# How long should my suit coat/blazer sleeves be?



## Casablanca (Apr 16, 2007)

I have a suit coat sized 38S and the sleeves extend about halfway down my palm. I'm pretty sure this is too long, and I can never see but a hint of my cuffs even when I extend my arms, and when I'm wearing a French cuffed shirt I can never see the cufflinks, so I'm going to take the coat to have it altered, though the question is how much should I take off. I've seen a lot of models lately wearing their suit coats so short that you can see the shirt cuff even when they are letting their arm dangle at their side, but this seems a little too short for me. Any advice?


----------



## DocHolliday (Apr 11, 2005)

The general rule of thumb is that you should see a quarter- to a half-inch of shirt with your arms at your side. But some guys like to show more, others less. The shirt sleeve should end at the base of your palm.


----------



## Bird's One View (Dec 31, 2007)

About an inch shorter than your alterations tailor wants to make them.

https://www.styleforum.net/showthread.php?t=62846&highlight=why+have+coat+sleeves+gotten+so+long


----------



## Jim In Sunny So Calif (May 13, 2006)

Bird's One View said:


> About an inch shorter than your alterations tailor wants to make them.
> 
> https://www.styleforum.net/showthread.php?t=62846&highlight=why+have+coat+sleeves+gotten+so+long


Ha Ha - ain't that the truth - seems to apply to trousers too. I wonder why 'a slight break' is so hard to understand.

Cheers, Jim.


----------



## Jim In Sunny So Calif (May 13, 2006)

Casablanca said:


> I have a suit coat sized 38S and the sleeves extend about halfway down my palm. I'm pretty sure this is too long, and I can never see but a hint of my cuffs even when I extend my arms, and when I'm wearing a French cuffed shirt I can never see the cufflinks, so I'm going to take the coat to have it altered, though the question is how much should I take off. I've seen a lot of models lately wearing their suit coats so short that you can see the shirt cuff even when they are letting their arm dangle at their side, but this seems a little too short for me. Any advice?

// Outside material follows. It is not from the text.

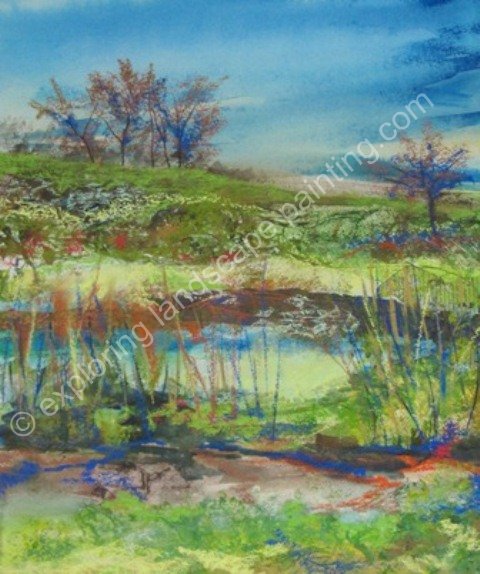 Horizon 2Unusual colours and the clever use of mixed media helps to create this peaceful and unusual painting.

I agree with Doc about showing a quarter to a half inch of linen. I don't know why we use the term 'linen' - probably some custom from the dark ages that Sator would know.

Once you find the length that suits you, it is easy in the future. Just measure from the end of your thumb to the end of the sleeve and Walla - repeatability.

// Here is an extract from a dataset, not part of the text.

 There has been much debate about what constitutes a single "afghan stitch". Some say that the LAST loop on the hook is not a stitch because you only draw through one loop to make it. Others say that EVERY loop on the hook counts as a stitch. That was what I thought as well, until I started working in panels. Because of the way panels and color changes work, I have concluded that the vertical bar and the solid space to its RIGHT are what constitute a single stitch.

I use 4.5 inches and someone else here likes 4.25 inches. Your ideal length will probably be different, but I expect in will be in the range of 4 to 5 inches.

Good luck, Jim.


----------



## paul winston (Jun 3, 2006)

There is a range of "correctness" that is determined by your personal taste. Unless directed otherwise by our customer we shorten sleeves to the break of your hand - where your hand meets your wrist.


----------



## rocco (Feb 21, 2007)

Half inch or a touch more looks good to me.

Can't see the point of showing 1/4 inch. If you're going to show cuff, damn well do it!


----------



## David V (Sep 19, 2005)

rocco said:


> Half inch or a touch more looks good to me.
> 
> Can't see the point of showing 1/4 inch. If you're going to show cuff, damn well do it!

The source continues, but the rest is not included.